LIPOPROTEINS


Major Classes of Lipoproteins

Essentially, lipoproteins are grouped into three major categories:

1. Chylomicron (CM) and very low density lipoprotein (VLDL). These are relatively low in protein, phospholipid, and cholesterol, but high (55 to 95 percent) in triglyceride. In more general terms, these particles are referred to as triglyceride-rich lipoproteins.
2. Intermediate density lipoproteins (IDL) and low density lipoproteins (LDL). These are characterized by high levels of cholesterol, mainly in the form of cholesteryl esters. The latter form of cholesterol is highly insoluble. Since up to 50 percent of the LDL mass is cholesterol, it is not surprising that LDL has a significant role in the development of atherosclerotic disease.
3. High density lipoprotein (HDL). The hallmarks of these particles are their high protein content (50 percent) and relatively high phospholipid content (30 percent). HDL are generally divided into two subclasses HDL2 and HDL3; of the two, HDL2 are large and less dense, and HDL3 are smaller and more dense.

PLASMA LIPOPROTEIN CONCENTRATIONS

The most commonly used clinical indicator for measuring potential risk of premature cardiovascular disease is the level of plasma lipids. Fasting levels of triglyceride, cholesterol, and HDL-cholesterol can often be used to identify possible abnormalities.

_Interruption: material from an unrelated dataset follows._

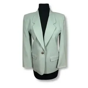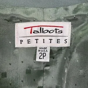 Keywords: Talbots, blazer, jacket, petite, size 2P, career, office, button front, womens blazer, womens jacket, classic, formal, light green, lined blazer, vintage

Females characteristically have lower triglyceride concentrations (80 mg/dl) than males (120 mg/dl) and have higher HDL cholesterol (55 mg/dl versus 43 mg/dl for males). For comparison, the lipid levels from cordblood of normal, full-term newborns are also provided. The newborn infant has triglyceride and total cholesterol levels one-half to one-third those of the adult. The HDL cholesterol levels are relatively high (35 mg/dl) in the newborn, where the ratio of total cholesterol to HDL cholesterol is 2 compared with the adult values of 3.5 for females and 4.6 for males. HDL are considered beneficial; that is, they are protective against atherosclerosis, whereas LDL are positive risk factors. Therefore, the lipid levels in infants are perhaps the most "ideal," for at birth, plasma total cholesterol is low while HDL cholesterol is relatively high. Except for genetic abnormalities (such as homozygous familial hypercholesterolemia, to be discussed later), the vascular walls of neonates are free of fatty streaks. Fat accumulation appears in the first years of life, indicating that dietary input and environmental factors probably influence the initiation and progression of atherosclerosis. At birth, no distinction can be seen between male and female infants since sex hormone concentrations are low in levels and apparently have little metabolic influence at this stage of development.